Harini Rathinamanickam, MD
SIU School of Medicine, Springfield, IL

Introduction: Gastrointestinal stromal tumors( GIST) are rare accounting for 1-2% of primary gastrointestinal (GI) cancers. Sporadic GIST most commonly occurs in the stomach. Neurofibromatosis type 1 (NF1) is associated with a high incidence of GIST in the small intestine. We report a middle-aged woman with NF1 who was found to have a jejunal GIST.

Case Description/Methods: 54 y/o Caucasian woman with NF1, HLD, and hypothyroidism presents for evaluation of iron deficiency anemia (IDA). EGD was unremarkable. Colonoscopy was limited due to poor bowel prep.
The patient presented 6 years ago with melena and vomiting for 2 days. She had a CT abdomen which showed a GIST in the proximal jejunum. She had surgical resection of the GIST measuring 7 cm. GIST was positive for KIT and DIOG1. Resected tumor margin was positive. The surgery team was reconsulted due to a positive margin but no further surgery was offered since the tumor had already been resected from the level of ligament of Trietz. The patient started Imatinib and remained on it for 4 years. She was lost to f/u and re-established care 2 years ago. CT abdomen done at that time did not reveal a recurrence of GIST. She restarted Imatinib.
She is currently asymptomatic at 6 years f/u. She will be scheduled for a colonoscopy due to IDA. Her Hb-12.8 g/dl, MCH=26.9, iron-50 mcg/dl, TIBC-358 mcg/dl, and ferritin-29 ng/ml.
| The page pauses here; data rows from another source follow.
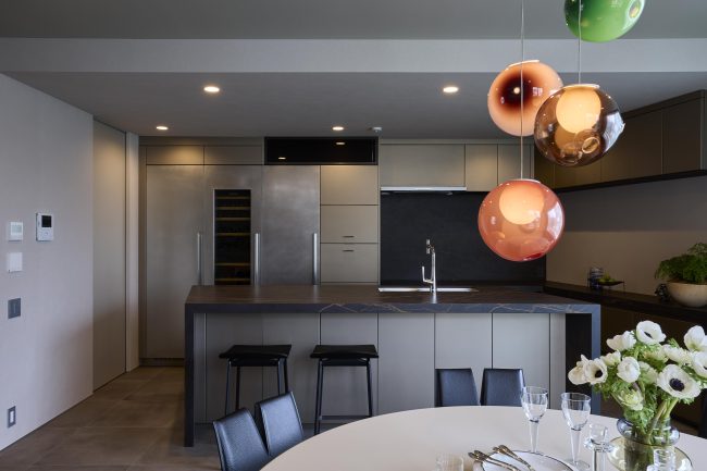 フロア全体を使ったLDKはオーダーキッチンと造作家具でオリジナルなスペースを作り、こだわりを持って集めコーディネートした家具、ペンダント照明を
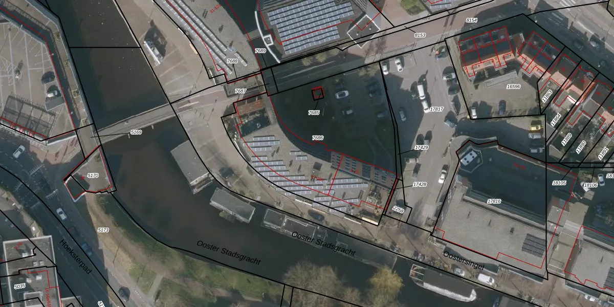 Het adres ligt op het perceel LWD00-F-7686, dat zich in de kadastrale gemeente Leeuwarden bevindt. Het perceel is met 1976 m² relatief groot. Het gemiddelde ligt in de kadastrale gemeente Leeuwarden op 1524,67 m². Het kleinste perceel in de kadastrale gemeente is 0 m² groot. De grootste perceeloppervlakte is 1,54 km². Er zijn 33 adressen aanwezig op het perceel. De laatste wijziging in het de Basisregistratie Kadaster (BRK) was op 26-07-2011.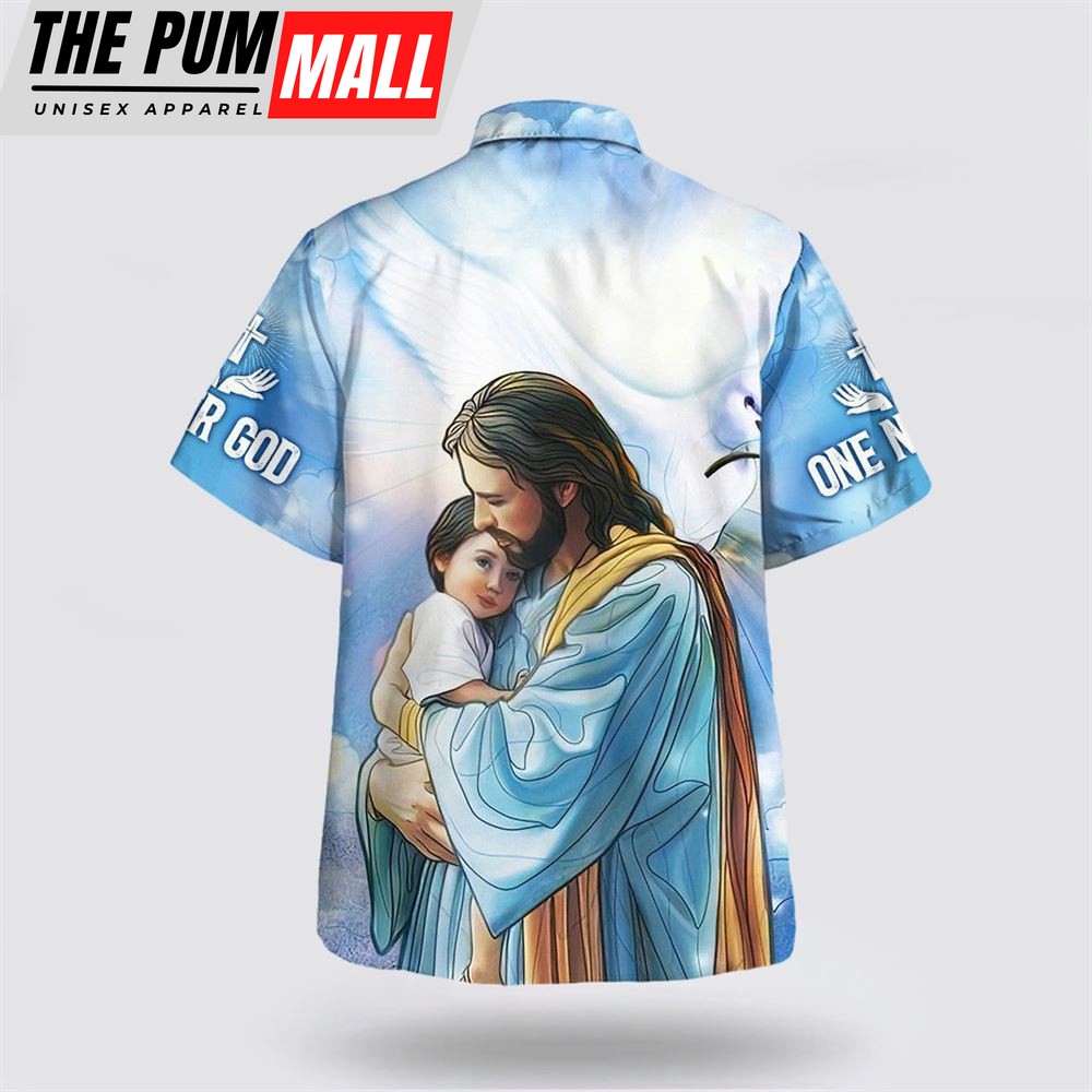 Christian Hawaiian Shirt, Jesus Hugging Child Hawaiian Shirt, One Nation Under God Hawaiian Shirts, Christian Clothing Hawaii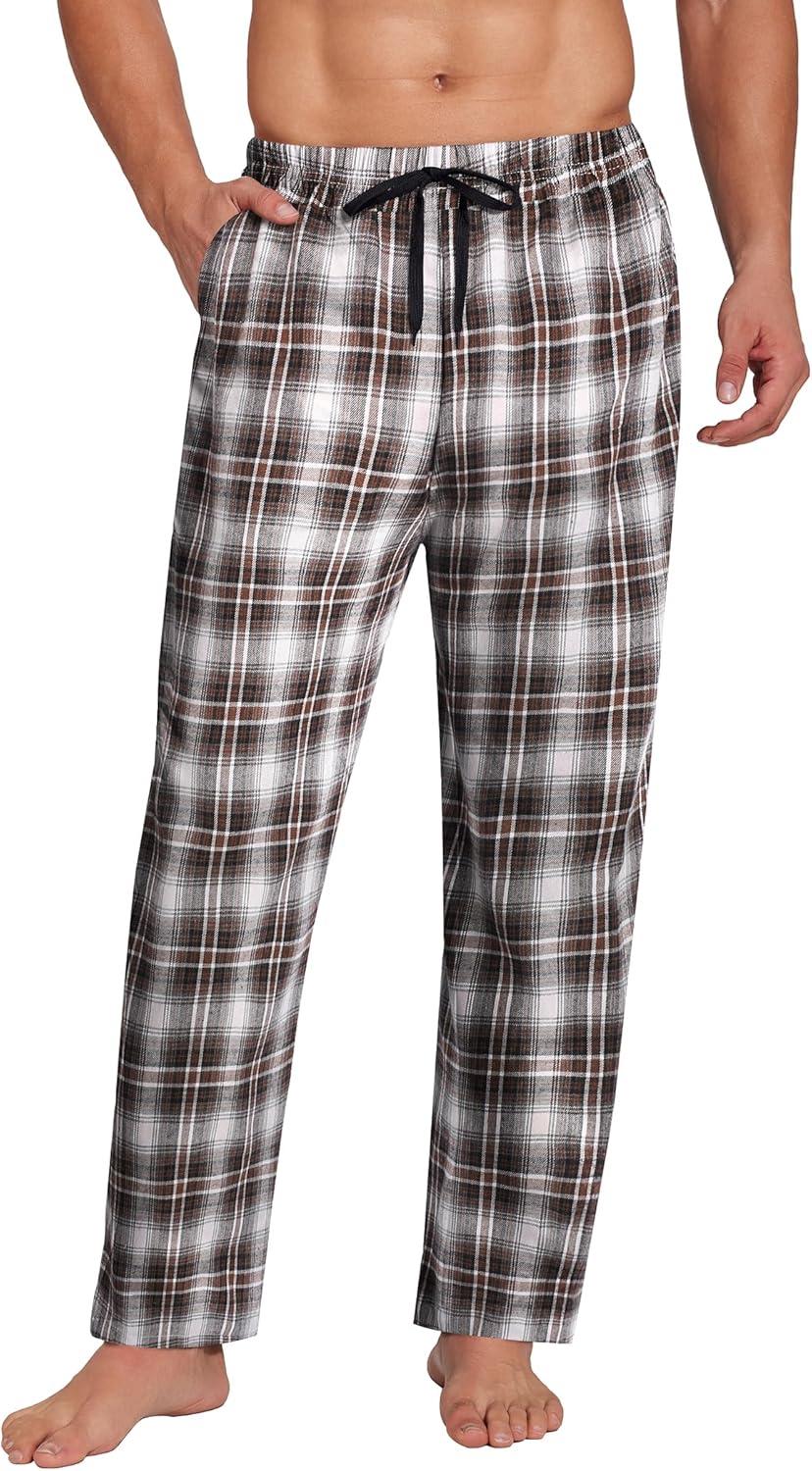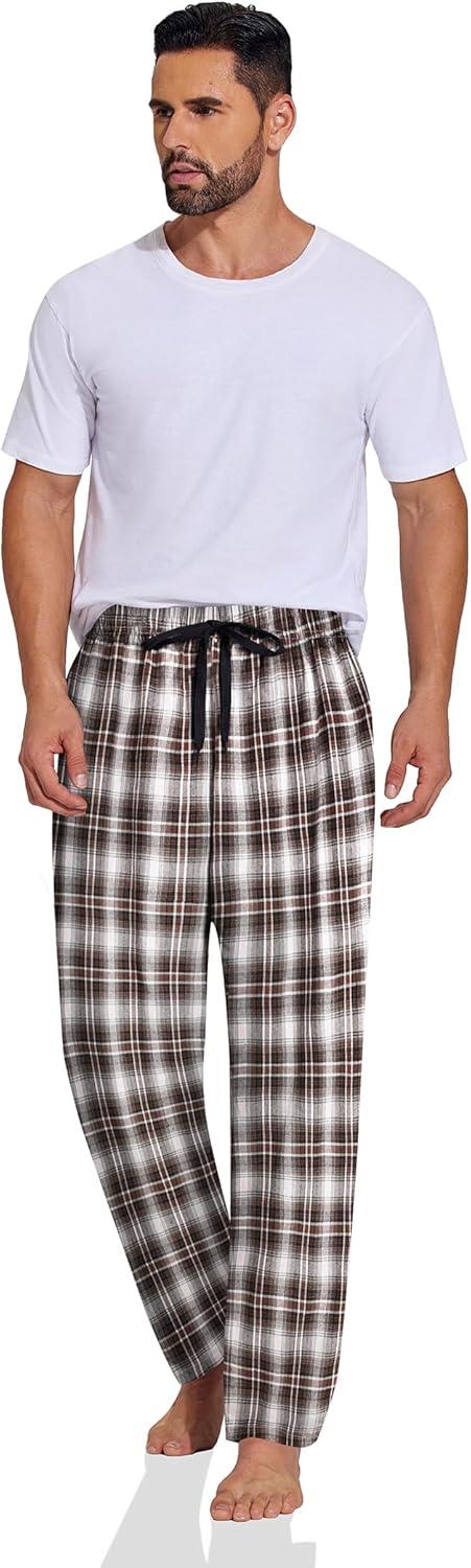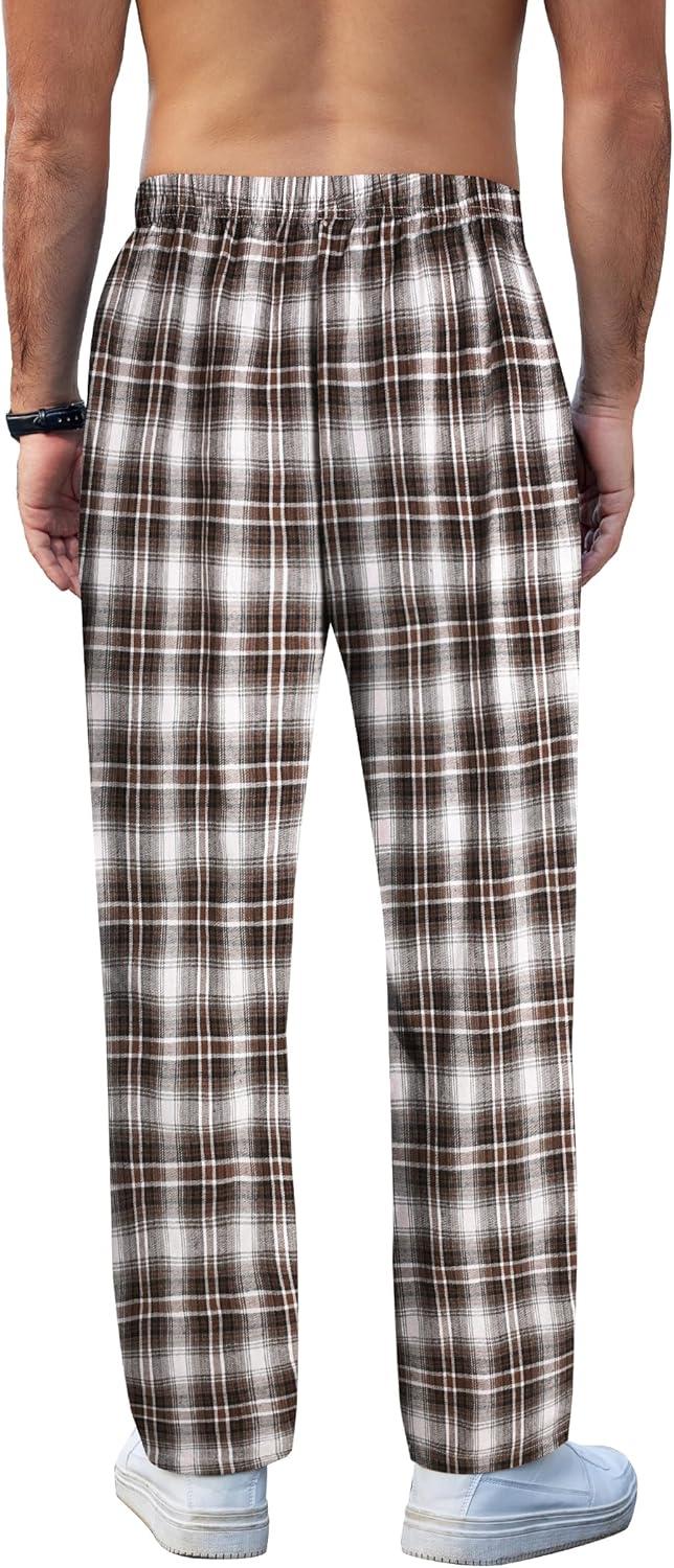COOFANDY Men's Plaid Casual Pants Soft Cotton Pajama Pants Drawstring Checkered Lounge Sweatpant with Pockets(Brown Black White Plaid)

Discussion: GISTs are mesenchymal tumors that most likely arise from the interstitial cells of Cajal (ICC). The median age of diagnosis is 65. GISTs don't have a gender predominance. The most common location of sporadic GIST is the stomach followed by the jejunum/ileum. 10-20% of patients present with metastasis. The most common sites of metastases include the liver, omentum, and peritoneum.
Most GISTs are sporadic. 5% GISTs are associated with genetic syndromes such as NF1. GISTs in NF1 are commonly multifocal. Somatic mutations in the KIT or PDGFRA genes are rare among these tumors as compared to sporadic GISTs. The genotype is important since this determines the response to therapy. Once a diagnosis of GIST is made, staging is considered using PET scan and endoscopy as needed. Surgical resection is recommended for localized GIST in the small intestines. The prognosis depends on tumor size and mitotic rate. Neoadjuvant therapy is recommended for locally advanced KIT mutation-positive GISTs.
Although the patient's positive tumor margin following surgery was challenging, she has done well on Imatinib at 6 years f/u.



Disclosures:


Harini Rathinamanickam, MD. P1332 - Long Term Follow-Up of a Challenging Case of Jejunal Gastrointestinal Stromal Tumor, ACG 2023 Annual Scientific Meeting Abstracts. Vancouver, BC, Canada: American College of Gastroenterology.